Nicole Brichtova: Maybe the other interesting area as we think about kind of, you know, these models being more proactive at pulling in, you know, whether it’s code or images or video, when it’s appropriate for the user intent, I think this other exciting—I started out as a consultant in my career, and so obviously I made a lot of slide decks in my time. I still do. And I think there are some of these use cases where you don’t actually really want to be in the weeds of creation. Like, what you really want is let’s say you’re updating your stakeholders on how a project is going, right? You want to pull in some context, maybe it’s meeting notes, maybe it’s a couple of bullet points, maybe it’s, you know, some other deck that you’ve created in the past. And then you maybe just want Gemini to go off and, like, do all the work for you, right? Like, pull that deck together, format it, create appropriate visuals to make it really easy to digest. And that’s something that you probably don’t want to be involved in, and it gets more into these agentic behaviors. Versus, I think, for some of these creative workflows, like, you actually want to be creating, you want to be in the weeds, you want to think about what the UI looks like that makes it easy for a user to accomplish the goal.

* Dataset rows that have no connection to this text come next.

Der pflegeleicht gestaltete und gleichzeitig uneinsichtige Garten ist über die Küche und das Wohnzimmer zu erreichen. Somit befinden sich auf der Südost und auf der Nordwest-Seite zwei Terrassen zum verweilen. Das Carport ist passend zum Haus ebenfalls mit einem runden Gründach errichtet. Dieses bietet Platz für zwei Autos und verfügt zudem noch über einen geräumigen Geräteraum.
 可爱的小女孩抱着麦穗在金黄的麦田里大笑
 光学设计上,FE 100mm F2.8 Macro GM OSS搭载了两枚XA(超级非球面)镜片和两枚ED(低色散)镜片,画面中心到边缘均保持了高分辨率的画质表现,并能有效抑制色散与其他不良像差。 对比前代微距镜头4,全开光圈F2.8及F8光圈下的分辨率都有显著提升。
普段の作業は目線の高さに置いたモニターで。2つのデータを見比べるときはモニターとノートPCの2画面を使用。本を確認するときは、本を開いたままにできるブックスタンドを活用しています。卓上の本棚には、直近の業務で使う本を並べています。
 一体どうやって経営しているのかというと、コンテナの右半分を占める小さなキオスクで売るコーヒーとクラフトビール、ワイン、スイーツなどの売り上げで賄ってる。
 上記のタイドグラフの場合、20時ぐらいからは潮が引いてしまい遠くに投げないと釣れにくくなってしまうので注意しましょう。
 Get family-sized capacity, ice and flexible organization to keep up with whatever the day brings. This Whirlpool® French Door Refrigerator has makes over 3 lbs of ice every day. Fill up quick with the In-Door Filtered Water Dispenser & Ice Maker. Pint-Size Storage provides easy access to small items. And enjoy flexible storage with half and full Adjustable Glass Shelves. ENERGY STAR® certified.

And so, like, if I’m designing my house and I’m actually into designing my house, then I probably actually want to play with it and, like, play with textures and different colors and, like, what would happen if I remove this wall?

And so I think there’s kind of this spectrum of, like, very hands off, like just let the model go off and pull in relevant visuals, materials for a task that makes sense, all the way to how do you actually make a creative process more fun and remove the tedious parts and remove the technical barriers that exist today with tools that we have?

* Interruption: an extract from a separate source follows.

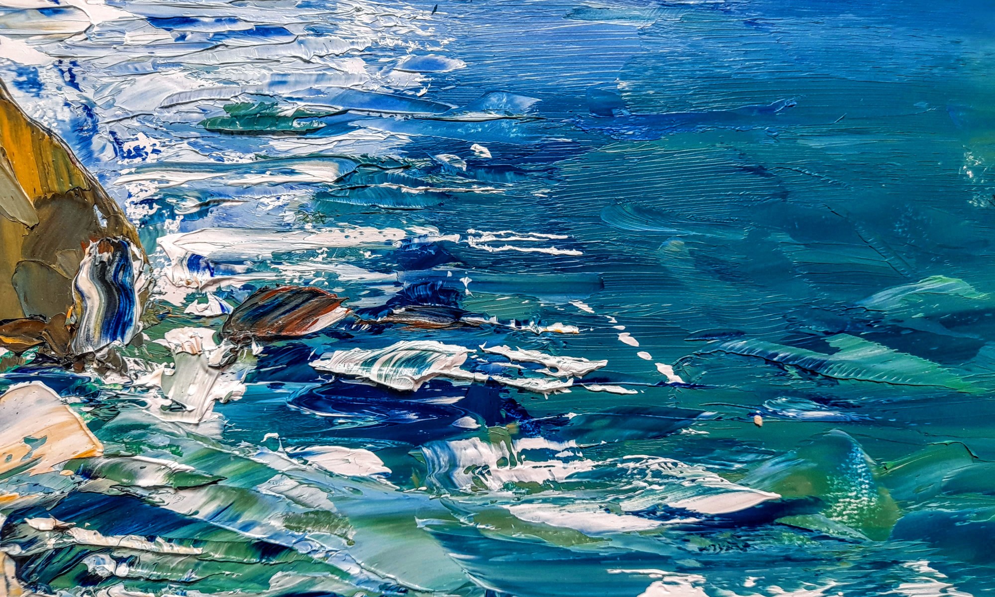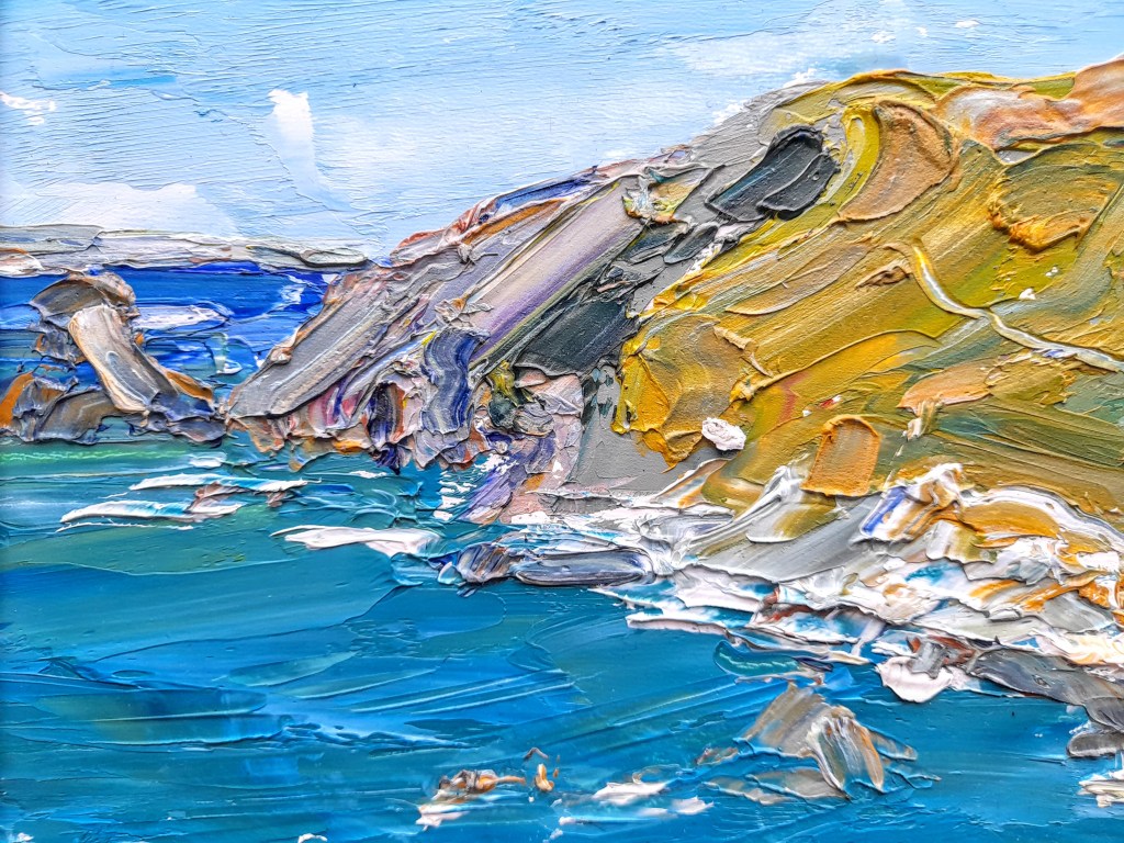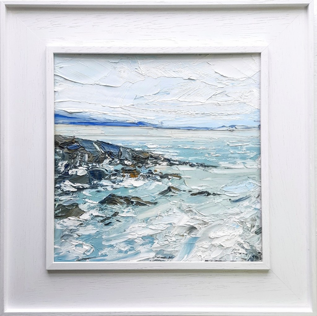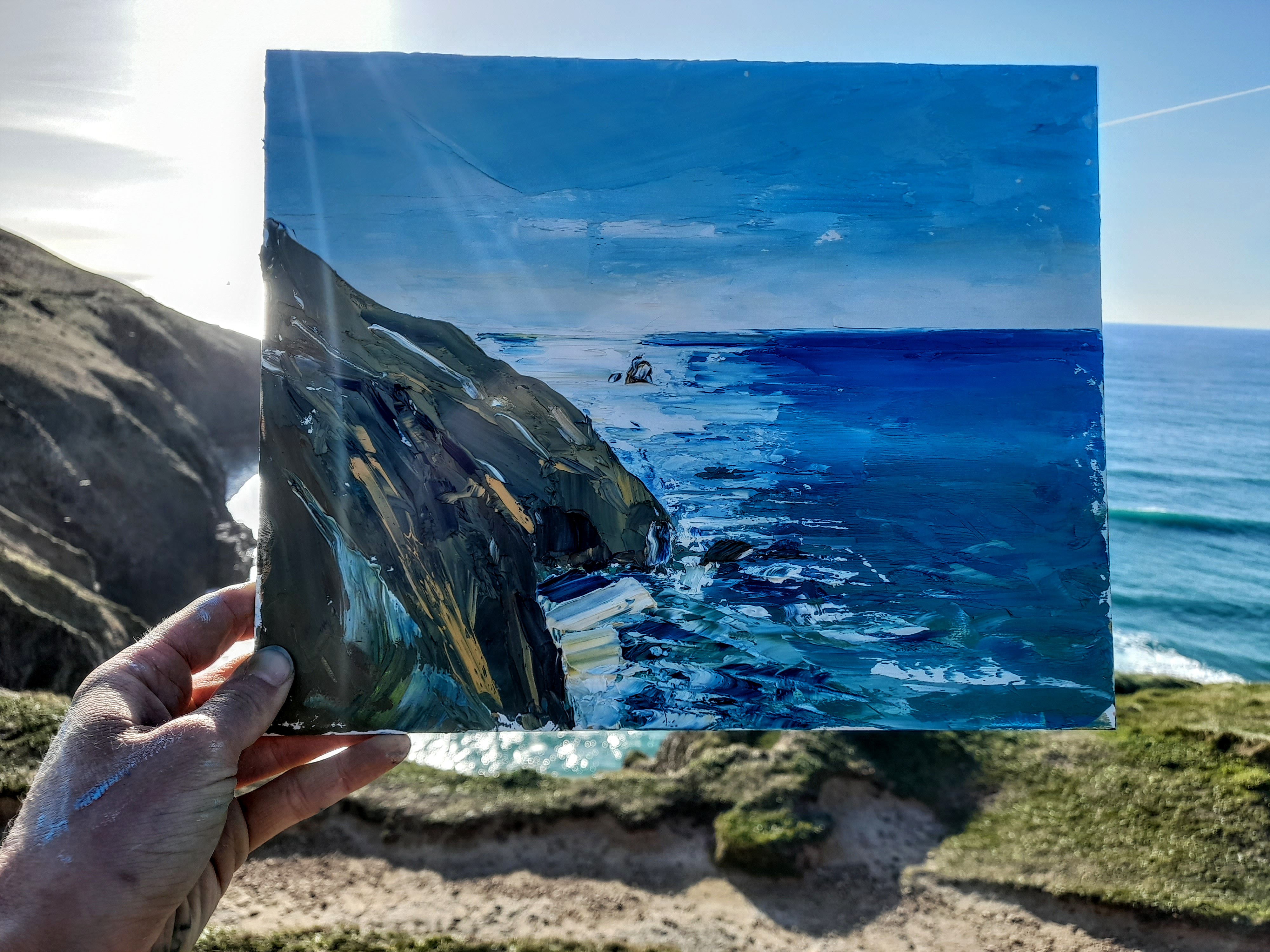 My obsession with painting the sea began on a trip to Zennor near St Ives a few years ago. I was staying on a farm only a couple of fields walk away from the coast paths inspiring views. The light in this part of Cornwall is spectacular and painting in the fresh sea air with the sound of crashing waves in the background was a truly meditative experience. From this trip, the en plein air side of my practice began to flourish. I started the habit of venturing to the coast to paint as often as I could, each time I visit I take home with me not only a collection of paintings but fresh sources of information and inspiration to explore back in the studio.

Hansa Srinivasan: This mix of giving the user fine-grained control, like the precision control they want, but also at the other extreme, having the model be able to understand the user request and anticipate the need and the outcome that it should be, and do all the intervening work in between.

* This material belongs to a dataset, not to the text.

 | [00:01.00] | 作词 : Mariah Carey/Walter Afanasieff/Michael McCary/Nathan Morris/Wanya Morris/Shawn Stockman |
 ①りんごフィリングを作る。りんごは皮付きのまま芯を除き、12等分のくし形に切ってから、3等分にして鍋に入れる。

Nicole Brichtova: It’s almost like when you actually hire a professional for something today, right? Like, when you hire a designer, you give them a spec and then they go off and then they do all that awesome work that they do because they have all this expertise. And so these models should be able to do that, and they can’t really do that in many domains today.

Pat Grady: What do you think the next competitive battleground is in this world?

Nicole Brichtova: I think there’s still work to be done on making these models more capable. And so this idea of having a single model that can take anything and transform it into anything else, I think nobody has really figured that out. But I do think in order to actually drive adoption, there’s probably two things. One is user interfaces. Like, we still rely very heavily on the chatbots—and we talked about this. It’s useful for some things and it’s a great entry point, but it maybe isn’t useful for all the things. And so I think starting to think about much more deeply about who are the users, what are they trying to do, how can the technology be helpful, and then what product do you build around it to make that happen is probably one.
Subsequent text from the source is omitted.